Thursday, August 15, 2013

Good times, bad times

A few days ago, the New York Times had a piece by Seth Stephens-Davidowitz, who has a PhD in economics and is now an intern at Google.  He looked at searches involving "depression" that Google's algorithms classified as "health related," and found some clear patterns.  They were more common in winter months and in colder places.  They also varied within the week, being most common on Monday and least common on the weekends.

The Behavioral Risk Factors Surveillance System, a very large telephone survey, asks "in general, how satisfied are you with your life."  The great majority of people say that they are either "very satisfied" or "satisfied" but it seems reasonable to interpret "dissatisfied" or "very dissatisfied" as representing something similar to what the average Google user would mean by "depression."  I used the 2009 data, because I happened to be working with it for another purpose.

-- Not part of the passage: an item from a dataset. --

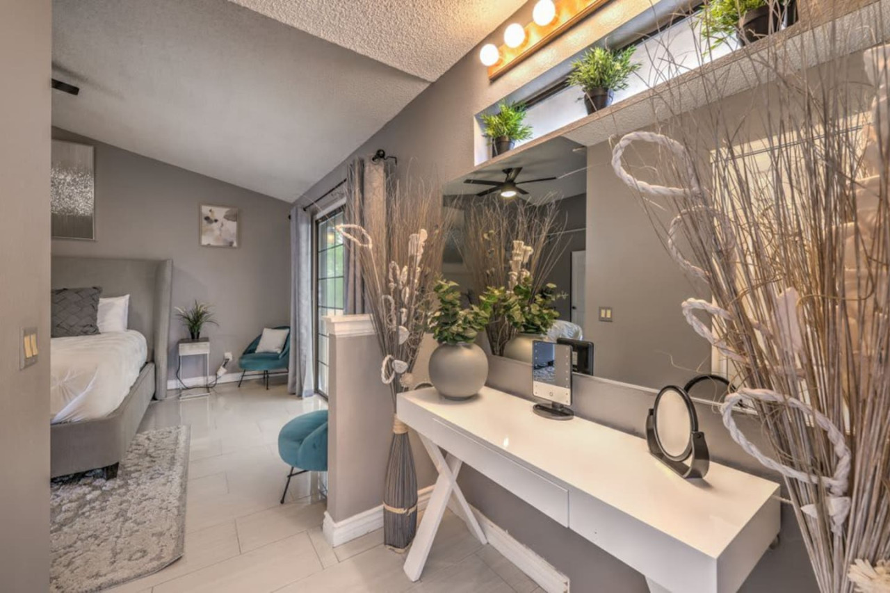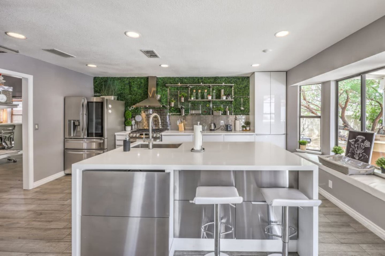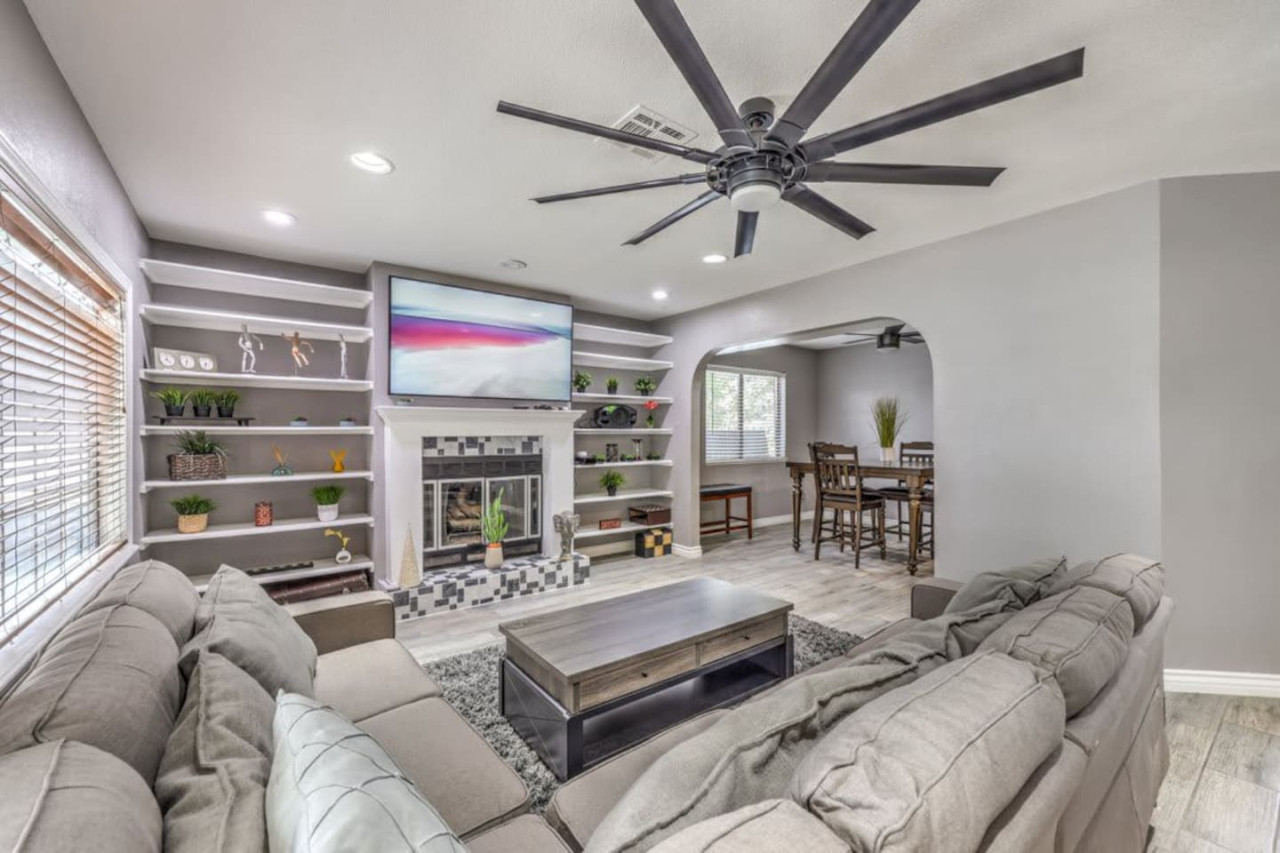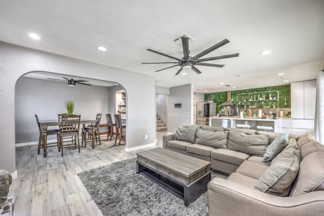 / night☞ 2,295 square feet | 213.21 sq meters ☞ 3 private bedrooms ☞ 2.5 bathrooms ☞ 4 Individual Beds ☞ Only 10 minutes to the Strip/Airport ☞ 2 - car private garage ☞ RV parking! ☞ Sparkling, modern PebbleTec pool and spa. Welcome to your luxurious private retreat in the heart of Las Vegas, where you can enjoy a peaceful and relaxing stay while still being just minutes away from the excitement and entertainment that the city is known for. Our stunning modern home, available for stays of 30 days or more, has been compl As you step inside this beautifully designed home, you'll be greeted by an open-concept living area with stylish furnishings, contemporary décor, and abundant natural light. The spacious living room features comfortable seating, perfect for unwinding after a day of exploring the city, and a large flat-screen TV for your entertainment needs. The fully equipped gourmet kitchen boasts state-of-the-art appliances, sleek countertops, and all the essentials you need to prepare delicious meals during your stay. Enjoy your culinary creations at the elegant dining table, which comfortably seats up to six guests. Our home offers three generously sized bedrooms, each featuring plush beds and high-quality linens to ensure a restful night's sleep. The primary bedroom includes a private en-suite bathroom with a walk-in shower and a soaking tub for ultimate relaxation. Outside, you'll find your own personal oasis with a sparkling PebbleTec pool and spa, surrounded by lush landscaping and ample lounge seating. This outdoor space is perfect for soaking up the sun, taking a refreshing dip, or enjoying a leisurely swim under the stars. In addition to the luxurious amenities within the home, you'll also have access to a two-car garage and dedicated RV parking, providing ample space for your vehicles during your stay. Our home's prime location means you're only a short drive away from Las Vegas' top attractions, including the famous Strip, Allegiant Stadium, and Reid International Airport. Whether you're visiting Las Vegas for business, pleasure, or an extended stay, our modern and sophisticated home offers the perfect blend of comfort, convenience, and luxury. Book your stay today and experience the best that the entertainment capital of the world has to offer, all while enjoying the peace and tranquility of your own private retreat! * We have security cameras facing the street and in the front door. * We have noise monitoring device in the backyard and in the living room. These devices only records the decibels to monitor noise level during quiet hours but NO audio recording. All of them are on 24/7 and for security purposes. There is no camera in private area or anywhere inside the house. Security cameras solely facing the street (as required by the City)

The differences by month in the percent saying they are dissatisfied or very dissatisfied are not statistically significant at conventional levels (P=.082) even though the BRFSS sample about 400,000 cases.  But for what it's worth, it's highest in August (6.26%) and lowest in December (5.66%).  There are significant differences by day:  dissatisfaction is lowest on Monday (5.7%) and highest on Friday (6.4%), which is pretty much the opposite of the Google pattern.

In short, the patterns in the BRFSS are totally different from those found in the Google searches.  I haven't taught research methods in several years, but textbooks always used to warn students that a very big sample was not necessarily a representative sample.  The favorite example was the 1936 Literary Digest survey, with millions of respondents, which predicted that Alfred Landon would win a solid victory over FDR.  The Google searches are essentially Literary Digest type data:  they represent a lot of "volunteers," not anything designed to produce a representative sample.  I wouldn't dismiss the Google results--if searches for  "depression" are more common in winter or on Mondays, that means something.  But the straightforward interpretation that Stephens-Davidowitz offers--people feel worse in winter and on Mondays--isn't borne out by the data from a random sample.